Invece solo il Padre-agricoltore sa riconoscere gli elementi nocivi, quelli parassiti e senza futuro, che non vale la pena continuare a sorreggere.
La vita in Cristo non c’insedia su un’immagine di sterile perfezione esterna, che a Dio non interessa.
Una Potenza spontanea, il mistero delle radici vocazionali, l’opera a più livelli di un’essenza radicale, innata, che ci accompagna, sono in grado di alimentare e correggere ogni geometria a tavolino.
Agli impedimenti pensa il Padre, non il singolo tralcio, né altri tralci.
In tal guisa - cedendo il dirigismo esterno - non produrremo danni irreparabili.
Per interiorizzare e vivere il messaggio:
Quale Linfa ti sazia, quella esterna? Quale geometria mondana e normale segui?
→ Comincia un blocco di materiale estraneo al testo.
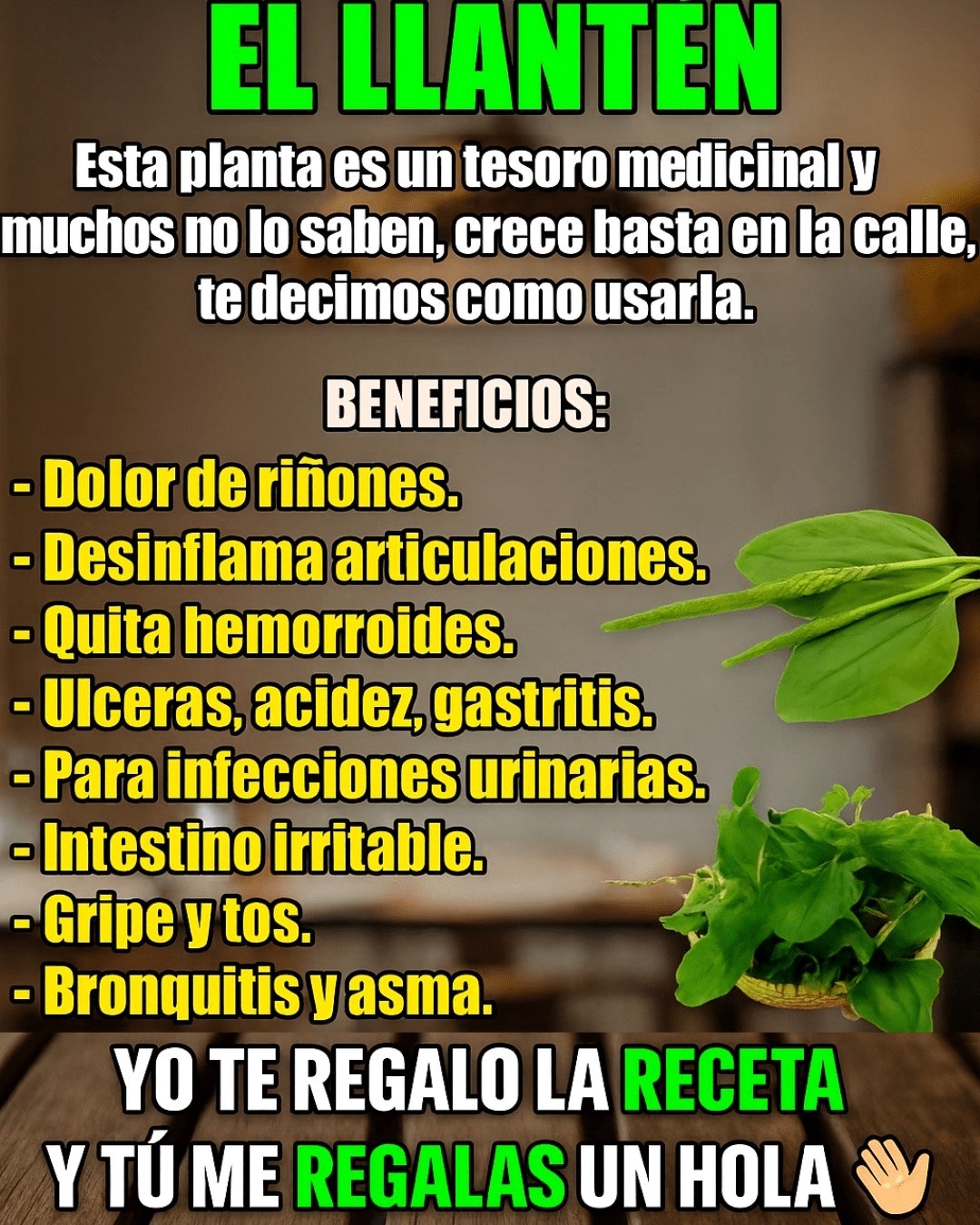 ¡Atención, Amigos de la Salud Natural! 🌿 ¿Sabías que existe una planta humilde, que muchos confunden con maleza, pero que en realidad es un gigante medicinal con propiedades asombrosas? Sí, estamos hablando del Llantén (Plantago major), un verdadero regalo de la naturaleza que ha sido utilizado por curanderos y herbolarios a lo largo de los siglos.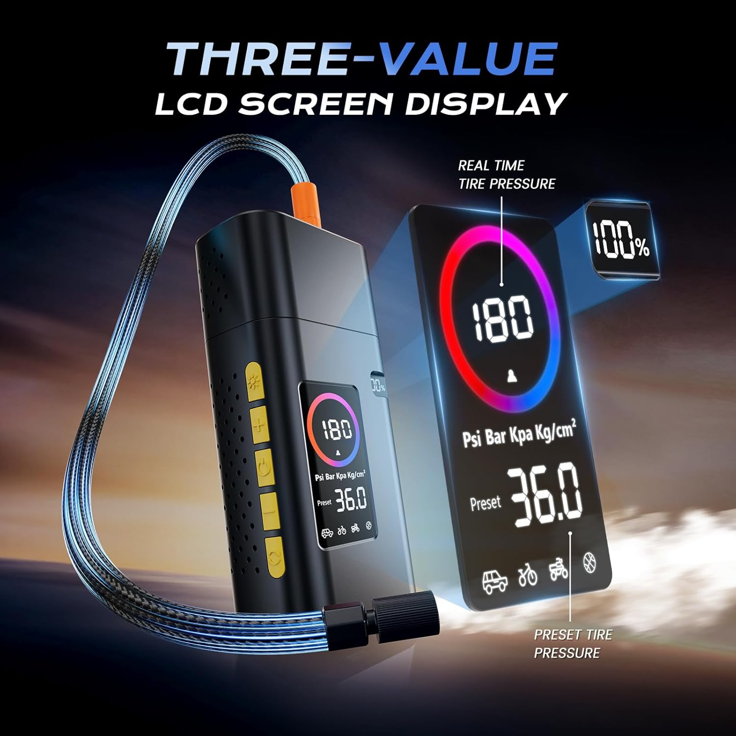 180PSI Tire Inflator Portable Air Compressor, 26000mAh Portable Tire Inflator for Car,5X Fast Electric Bike Air Pump with Digital LCD Pressure Gauge/LED Light/Power Bank, Bike, Motorcycle, Ball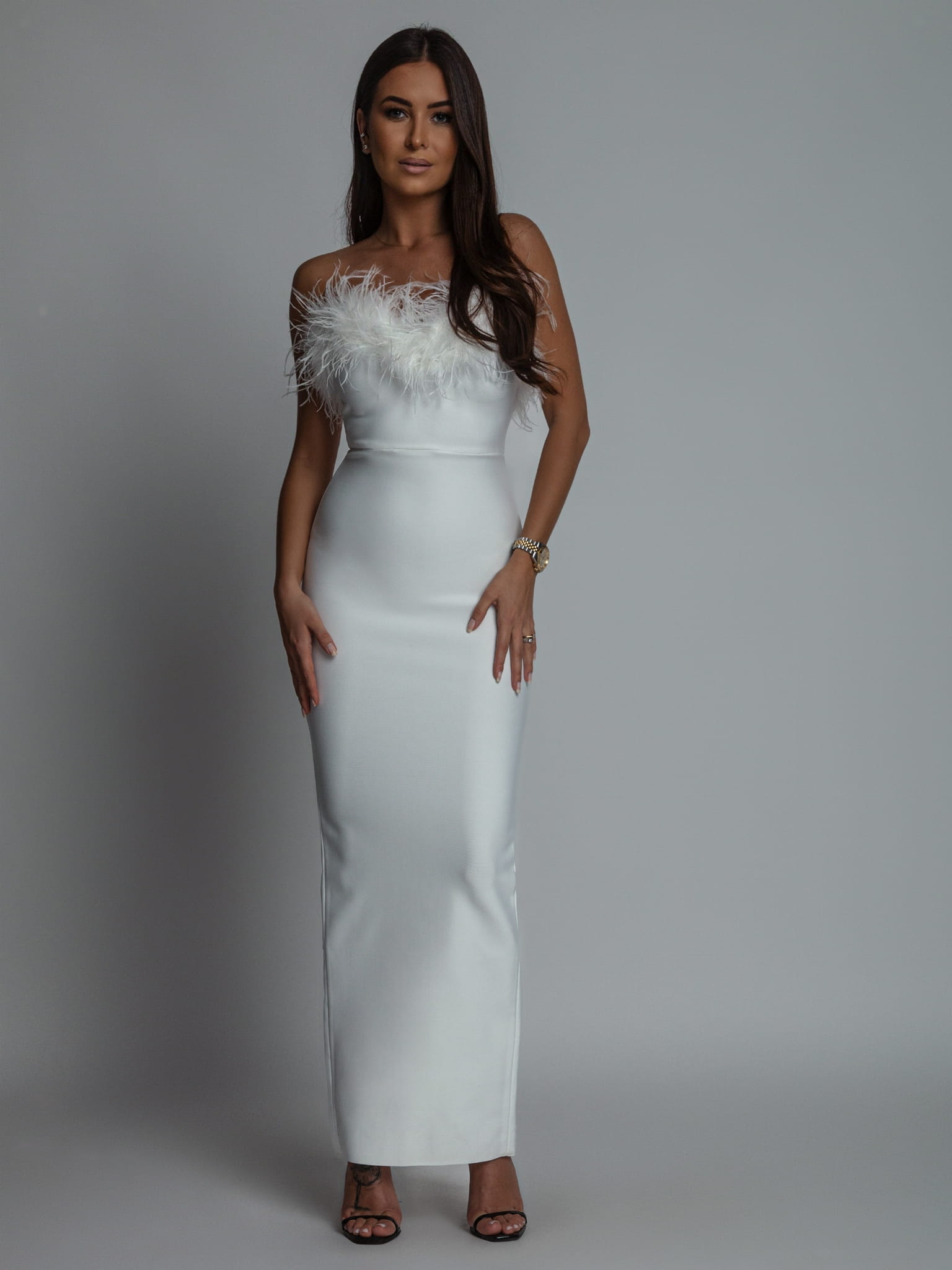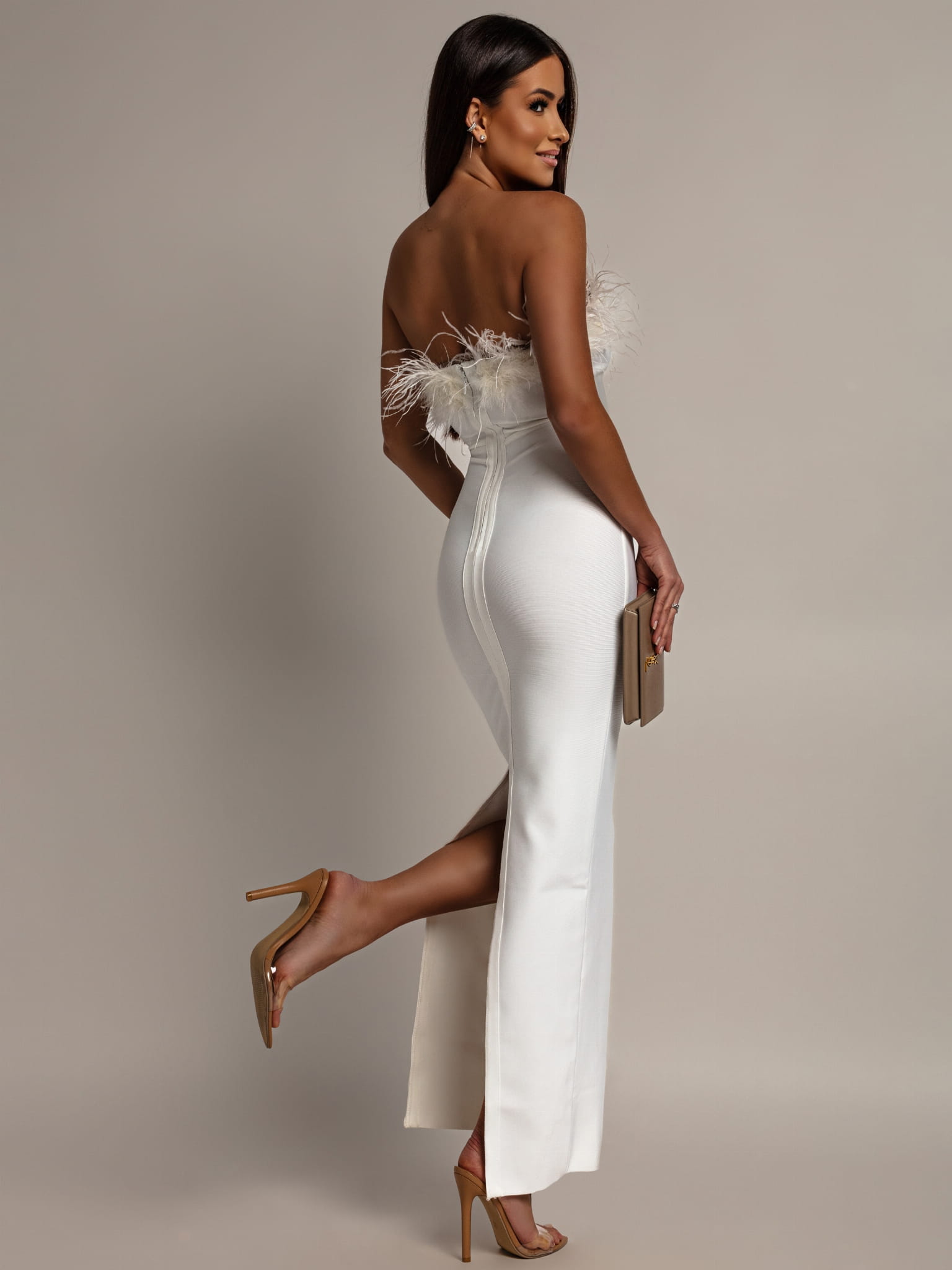 Sukienka długa z piórkami na dekolcie bandażowa PREMIUM biała

Qual è la tua idea di miglioramento nella Fede?
Mistica della Gioia: essere se stessi, Rivelazione repentina
Resilienza non a denti stretti, e Somiglianza non possessiva
(Gv 15,9-11)
Gesù si è appena servito dell’immagine della «vigna» per configurare il “carattere” del suo nuovo popolo e la ‘circolazione di vita’ che lo accomuna.
«Vita» di particolare intensità e temperamento.
L’allegoria della vite e dei tralci è ora tradotta in termini esistenziali.
La propagazione del dinamismo divino in noi dà il via a una ‘corrente di amore’ particolare e accentuata.
La sorte del tralcio «inaridito» [privo della Linfa dello Spirito] e reciso è il senso d’inutilità e angoscia (v.6).
Ma - alla Vigna - perfino tagli, mondature e purificazioni (v.2) non impediscono di produrre grappoli abbondanti e succosi.
Un canto nuovo, finalmente privo di dissociazioni.
Il disagio infatti reca alla pergola un flusso addirittura più marcato, un cammino di carattere, e una dilatazione.
L’agricoltore è il Padre (v.1) che taglia e sfronda in ordine alla maggiore vitalità del campo.
Qui si permane, cedendo le nostre “previsioni” alla Grazia - nella paradossale tutela della concentrazione personale.
Lasciamo a Lui la decisione di far cadere i travestimenti infecondi.
Sarà il sapiente Agricoltore a spegnere i modelli dispersivi e accendere la nostra ‘voce’ - quella che ci appartiene.
L’energia della metamorfosi che si espanderà da situazioni critiche ci farà «essere» invece di “somigliare” [fuori].
Da dentro, lo ‘sguardo in stato di ricerca’ verrà spostato e reso essenziale, lasciando spazio alla virtù delle ‘radici’ proprie.
Man mano la recita che richiedeva forzature sterili verrà sapientemente smontata - affinché non ci chiudiamo in preconcetti.
La forza apparente dovrà dare spazio alla forza reale.
Per Via, ciascuno accetterà un’altra immagine di sé; senza per questo distaccarsi dalla convivenza.
Il tener duro lascerà spazio alla flessibilità, alla melodia vocazionale.
In tal guisa, facendo largo al modo di essere autentico.
Imparando a guardare bene e affidarsi a tutto ciò che provvidenzialmente si affaccia, sgorgheranno risposte elastiche.
Nell’anima si riverserà la Gioia personale - non quella fatua d’euforia o esaltazione, passeggera delle molte foglie.
Perché non dovendo nascondere altre preferenze, un diverso carattere individuante, o le nostre stesse fragilità, diventeremo più forti.
Senza per questo imporsi di dover sempre controllare la situazione.
L’intima Letizia che ci attiverà sarà frutto d’una consapevolezza nuova, che infine contribuisce alla ‘cattolica’ convivialità delle differenze.
Coscienza che coniuga la divina proposta di Somiglianza non possessiva con la nostra capacità di accoglierci - non di lottare in modo innaturale.
Anche nelle vulnerabilità. Malgrado i diversi gusti attorno.
Un’onda vitale ad personam che diventa resilienza non comune, e diversa Felicità.
Permanendo nella circolazione d’amore Padre-Figlio saremo avvolti da una ebbrezza che intuisce il senso e l'unicità del nostro Seme.
Tutto ciò cambia il modo di vedere la vita, le relazioni, le sofferenze, e la Gioia.
Deponendo gli sforzi e il rimuginare, incontrando gli enigmi e i lati sconosciuti, ecco affiorare La Sapienza che ci abita.